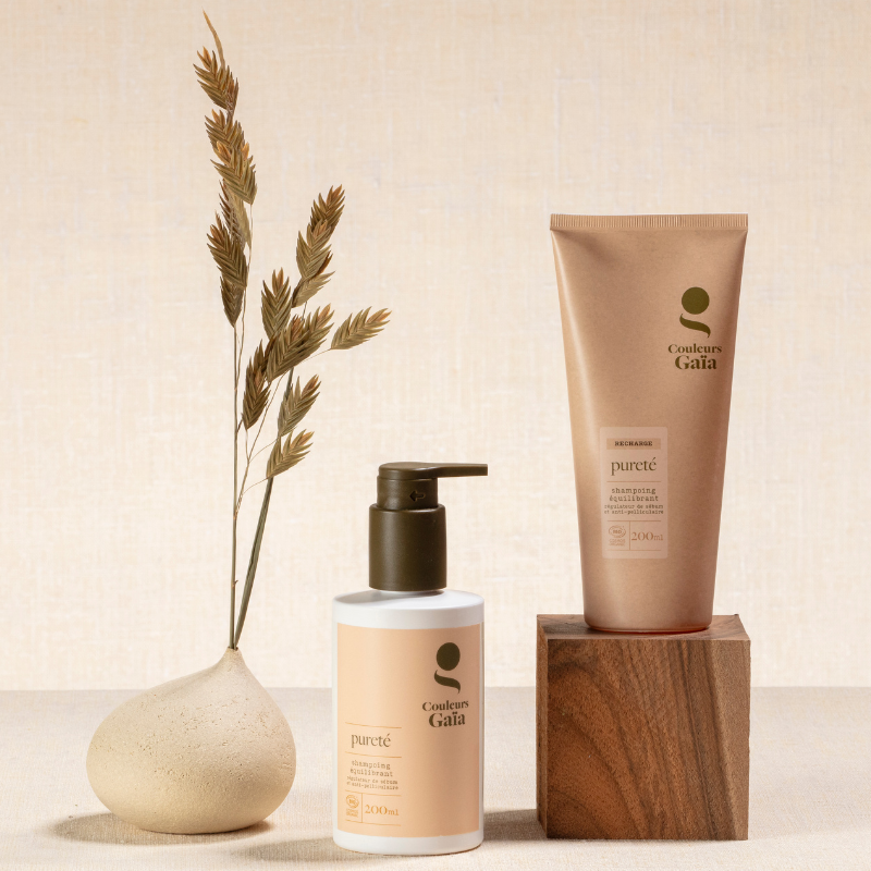 Anti-pelliculaire, diminue l'excès de sébum et réduit les irritations ou démangeaisons du cuir chevelu.Shampoing et son éco-recharge Pureté
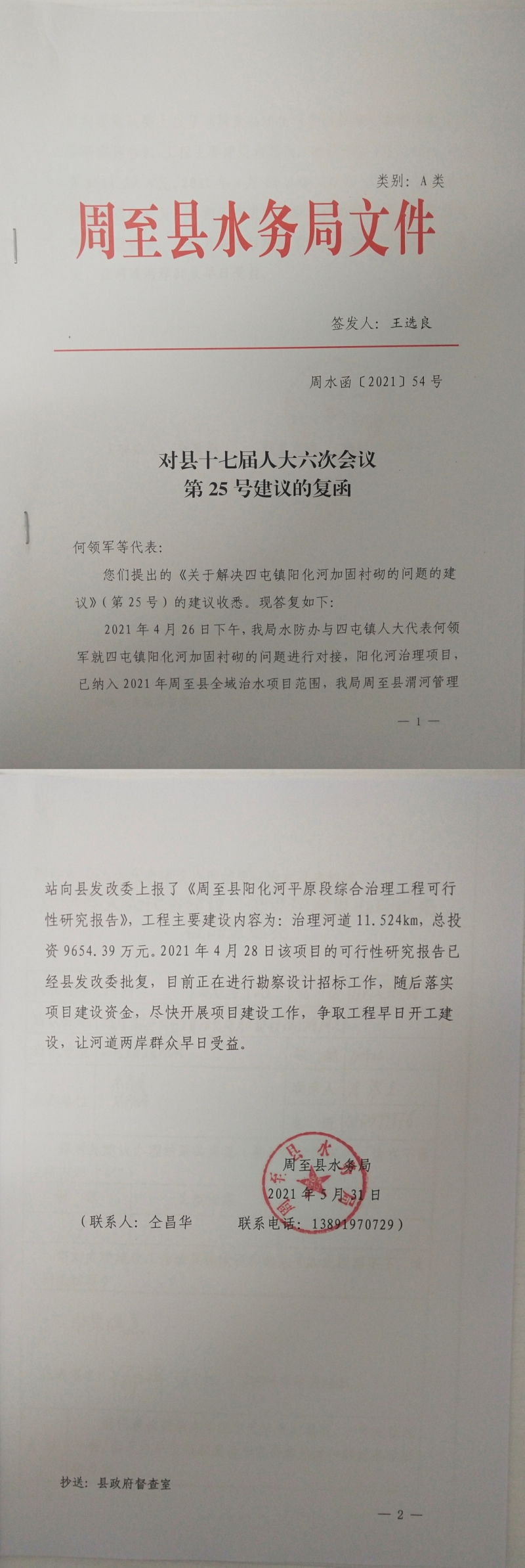 周至县水务局关于对县十七届人大六次会议第25号建议的复函
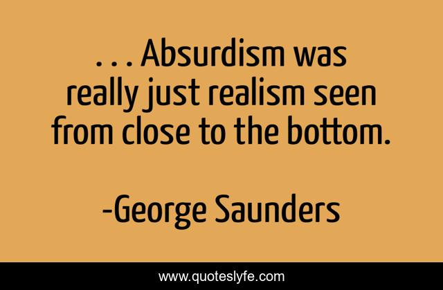 This page presents the quote ". . . Absurdism was really just realism seen from close to the bottom.". Author of this quote is George Saunders. This quote is about literature, absurdism, realism,.

════════════════

TASK BRIEF
Transcribe each line above exactly, pictures excluded.

SOLUTION FOR THIS TASK
 Anti-pelliculaire, diminue l'excès de sébum et réduit les irritations ou démangeaisons du cuir chevelu.Shampoing et son éco-recharge Pureté
 周至县水务局关于对县十七届人大六次会议第25号建议的复函
 This page presents the quote ". . . Absurdism was really just realism seen from close to the bottom.". Author of this quote is George Saunders. This quote is about literature, absurdism, realism,.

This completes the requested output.